After the Los Angeles Times Grand Prix, Chandler sent his 935 to the famed ANDIAL workshop in Costa Mesa, California, where a new three-liter, twin-turbo engine was built for the car. This was a common practice at the time, as the twin-turbo configuration was more reliable, improved the torque curve, and was better suited to most circuits. Once this work was carried out, the 935 returned to Chandler, who would occasionally take it out for demonstration runs at POC and PCA events during the 1980s. In 1990, Chandler once again sent the 935 to ANDIAL for servicing. In a letter to Dieter Inzenhofer, one of the firm’s founding members, Chandler confirmed his limited use of the car: “It’s been several years since I have driven it hard at Riverside, but it has very few miles on it since you installed the engine 11 years ago after the IMSA race.”
The 935 remained in Chandler’s collection until November 1993, when it was sold to well-known racer and Porsche specialist Dennis Aase of Anaheim, California. Aase kept the car for a brief period, selling it the following year to David and Karen Hall of Portland, Oregon. The current caretaker, a longtime Porsche enthusiast and vintage racer, purchased the 935 from the Halls in December 1996, and it has been a centerpiece of his collection since.
Early on in the consignor’s ownership, the Porsche was campaigned in two HSR vintage races, the more notable being the 935 Challenge at Daytona in 2000, when David Murry drove the car to victory.
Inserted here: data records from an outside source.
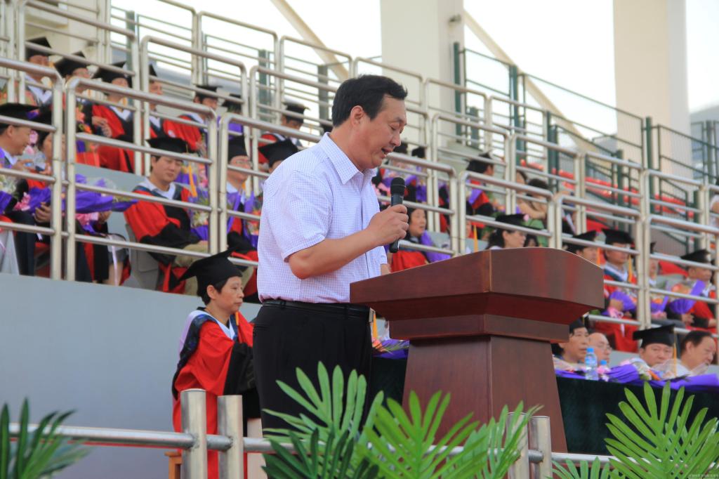 毕业生家长代表、第二临床医学院韩磊同学的父亲韩军先生代表家长发言。他说,我们家长从孩子的捷报里见证了河南中医学院的快速发展:省部共建、更名大学、博士授权单位建设,等等,和孩子一起高兴的同时,也深刻体会到学校领导、教师的辛勤汗水。希望毕业生永远不要忘记恩师,永远不要忘记母校,永远不要忘记奋斗。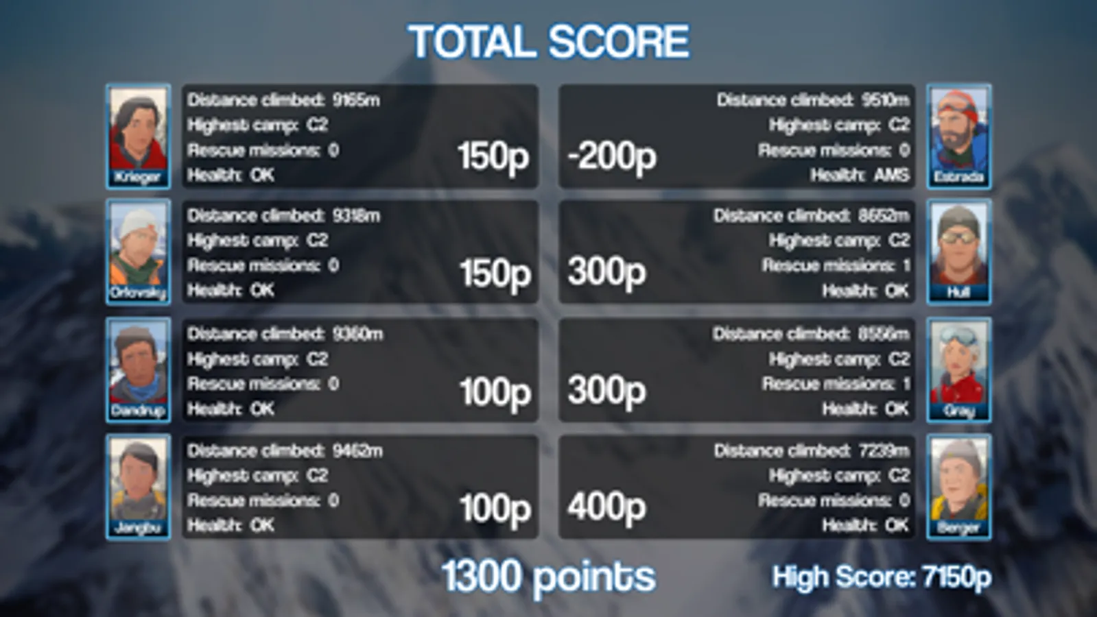 Battle the cold, the thin atmosphere, the wind and the snow! Do your best to avoid debilitating medical conditions! React to dramatic and dynamic weather conditions! Stay alive in the death zone!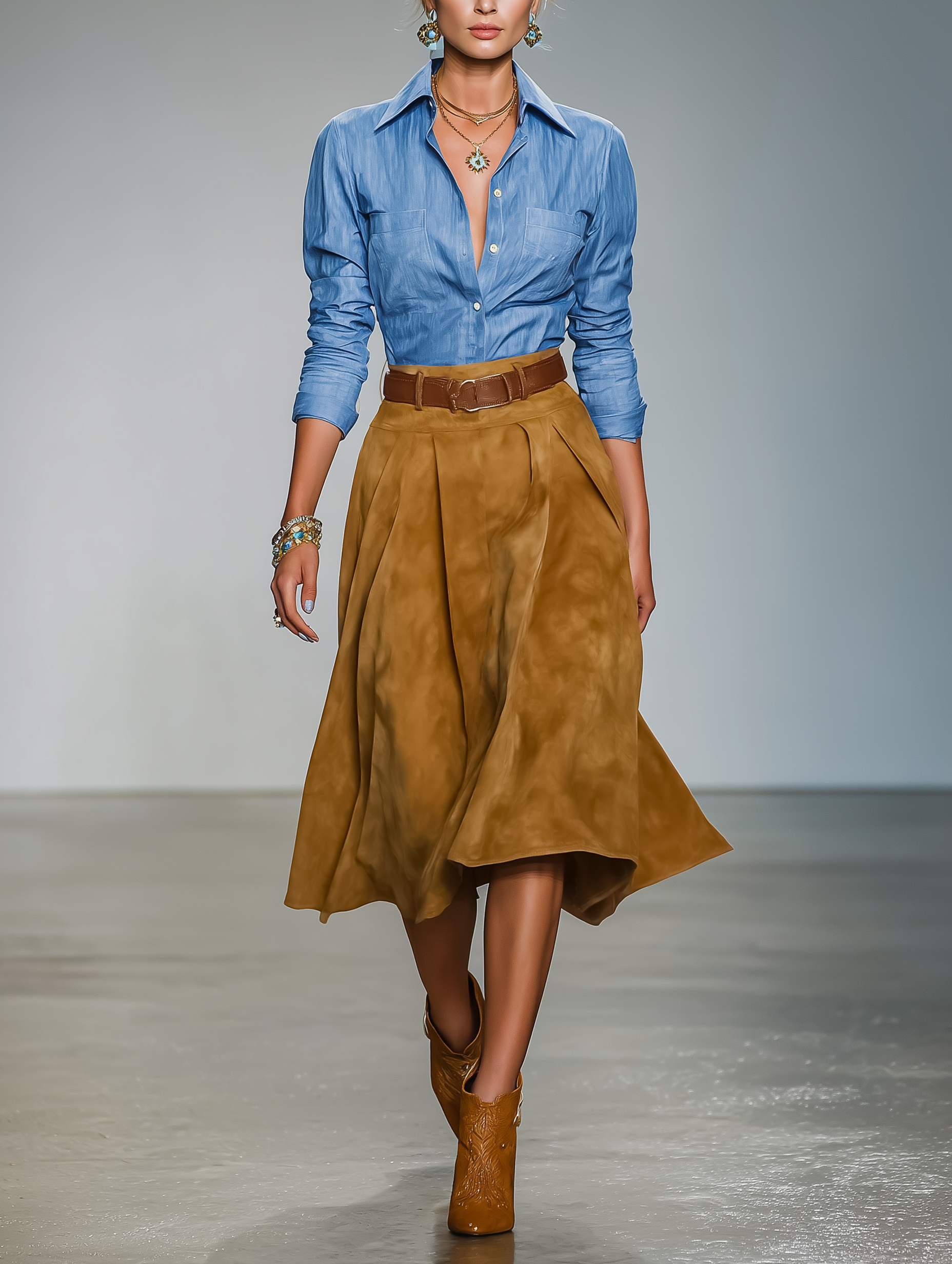 Women's Minimalist Shirt And Faux Suede Skirt Set (belt Not Included) MDA2745K9Y

Following these events, the 935 underwent a sympathetic restoration, with a great effort made to preserve original details wherever possible. Although the Porsche has not been actively raced since this work was completed, the consignor reports that the car has been regularly run and maintained without regard to expense.
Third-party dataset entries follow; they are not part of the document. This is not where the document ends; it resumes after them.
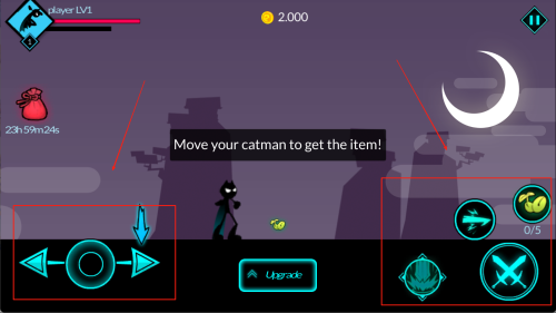 1、左侧负责操控角色移动,右侧则分布着各类功能按键与技能按钮。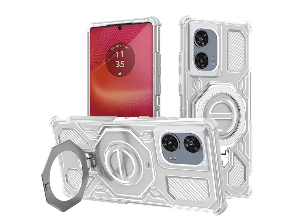 Kroužek pouzdra Motorola Edge 50 Fusion je otočný o 360° a sklopný o 120°, což ho transformuje na stojan typu kickstand.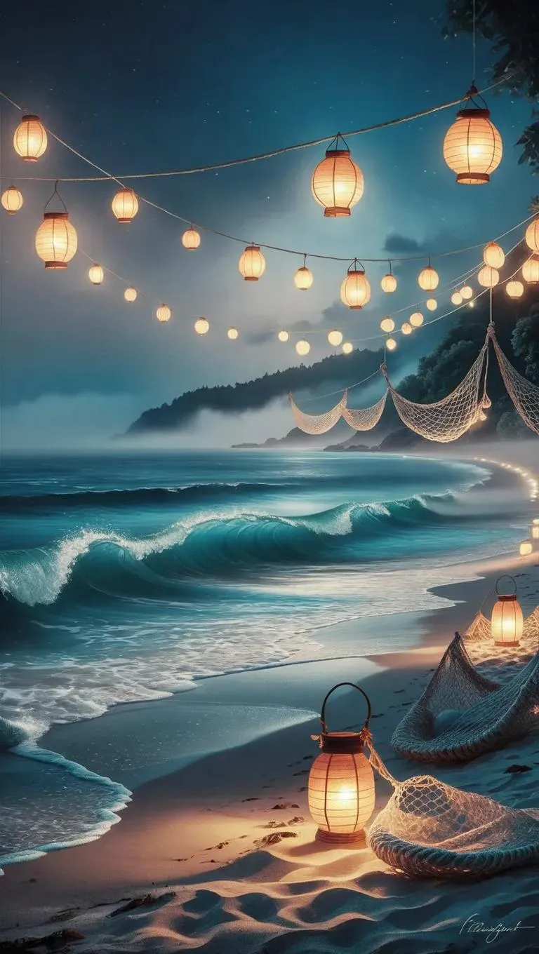 Create a serene beach scene with glowing lanterns by a deep blue sea. Vivago.ai crafts tranquil AI imagery with soft waves, warm lights, and peaceful coastal vibes. Perfect for relaxing visuals, digital art, or calming backgrounds. Use AI tools to enhance tranquility, detail, and color harmony in professional-grade, AI-generated art.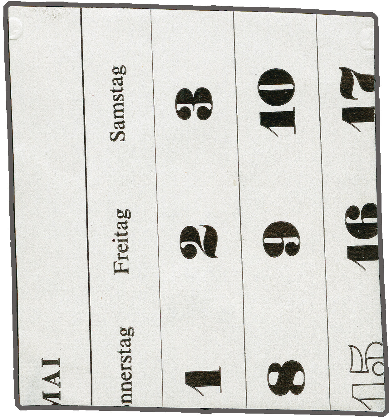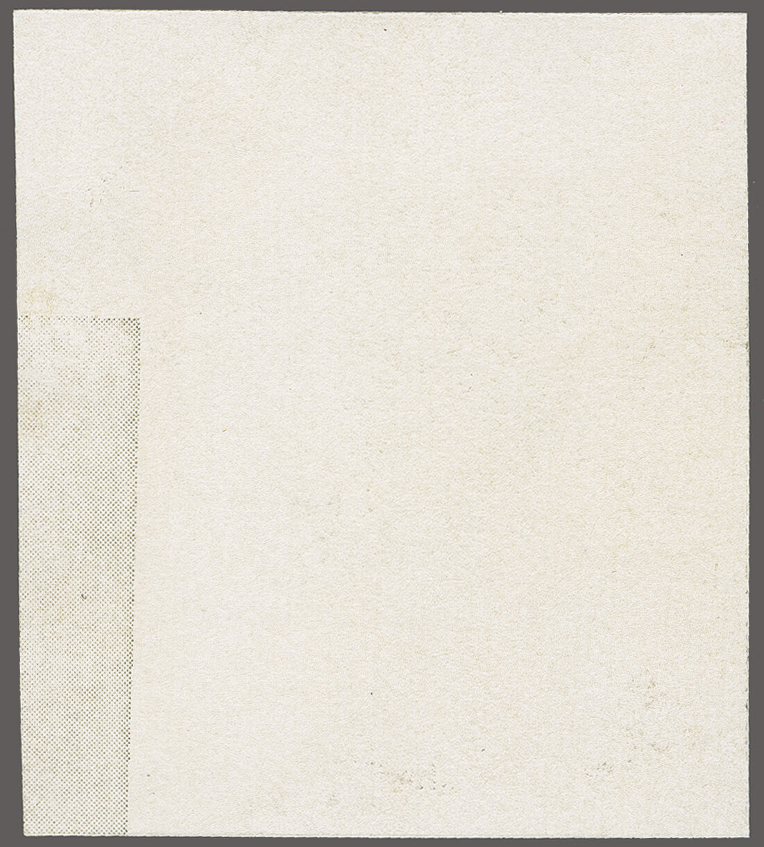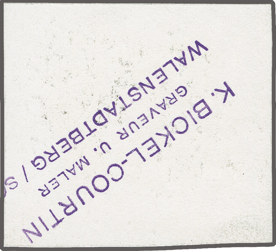 bedrucktem Ausschusspapier ohne Gummierung (50x54mm). Oben zwei Prägestellen zur Befestigung sowie rechts unten handschriftl. Versionsnummer "VIII" in rotem Kugelschreiber. Eine seltene Probe aus dem Bickel-Archiv. (Image 1)

Today, chassis 990 0027 is beautifully presented in all respects and looks magnificent in its distinctive Vintage Racing Blue livery. The Porsche still retains the three-liter engine built by ANDIAL in 1980, which has been fitted with a single KKK turbocharger to give the car a more accurate, as-raced appearance. Included with the sale is an impressive file of documentation that includes the original 1979 invoice from Volkswagen of America Inc. to Otis Chandler, receipts for the work performed at ANDIAL in 1980 and 1990, a copy of the May 1979 issue of Porsche Panorama, as well as correspondence, Bills of Sale, and photographs.
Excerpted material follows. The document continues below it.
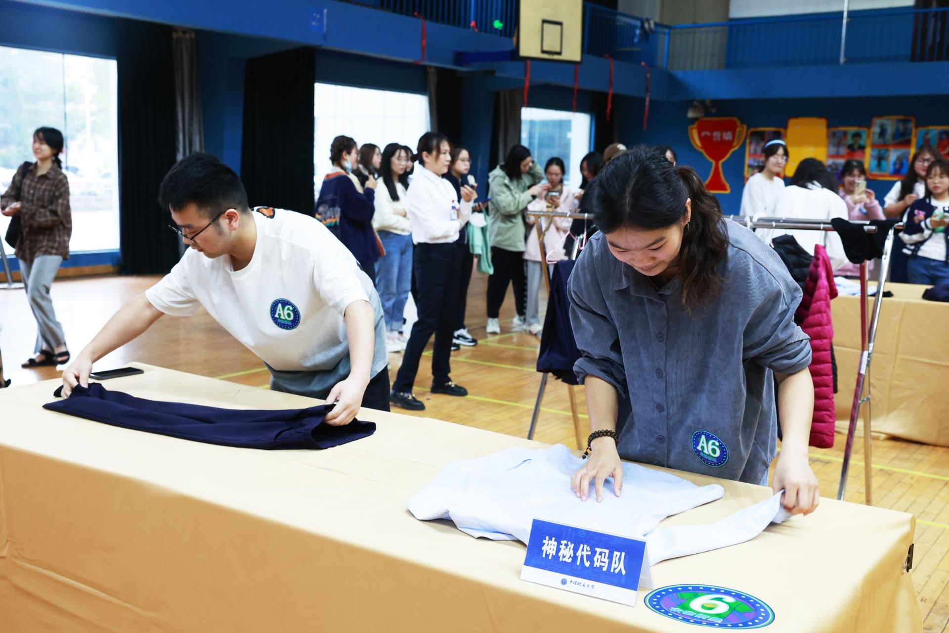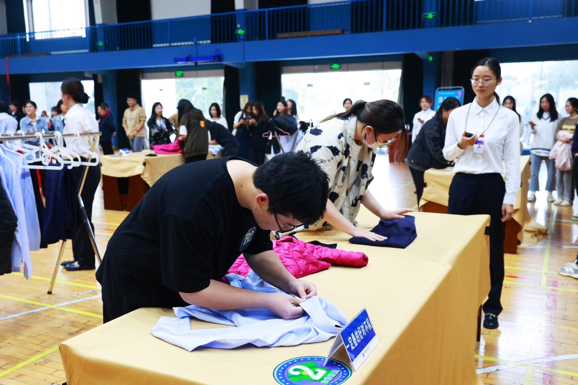 學(xué)習(xí)實踐環(huán)節(jié),同學(xué)們紛紛摩拳擦掌,上手學(xué)習(xí)鋪床單、套被子、疊羽絨服、疊襯衣等各類房間整理生活技巧。盡管屋外細(xì)雨綿綿,室內(nèi)卻熱火朝天。

Over the past four decades, historians and collectors have come to regard the 935 as one of the all-time great racing Porsches. In various permutations, 935s were competitive for nine seasons, capturing outright victories at Le Mans, Daytona, and Sebring, and were crucial to Porsche’s victories each year from 1976 to 1979 in the FIA World Championship for Makes. Today, these cars are highly collectible and eligible for the best historic racing events, including the Le Mans Classic and Rennsport Reunion. Rare, historically significant, and visually impressive, 935s are also increasingly sought after by organizers of leading concours and marque gatherings.
With all of the Martini Porsche Works 935s held by the Porsche Museum and important private collections, the 37 customer 935s built by the Porsche factory from 1977 to 1979 represent the ultimate prize for discerning collectors. Many of these customer cars were extensively modified to remain competitive during active racing careers, and few exist today in fundamentally original order. Not only is 990 0027 among the final, most-evolved customer 935s built, its exceptional originality, Otis Chandler provenance, and unbroken ownership history place it among the very best examples of a rare breed.
Gooding & Company is honored to present this exceptional Porsche and recommend it to any collector looking for a top-tier example of the legendary 935.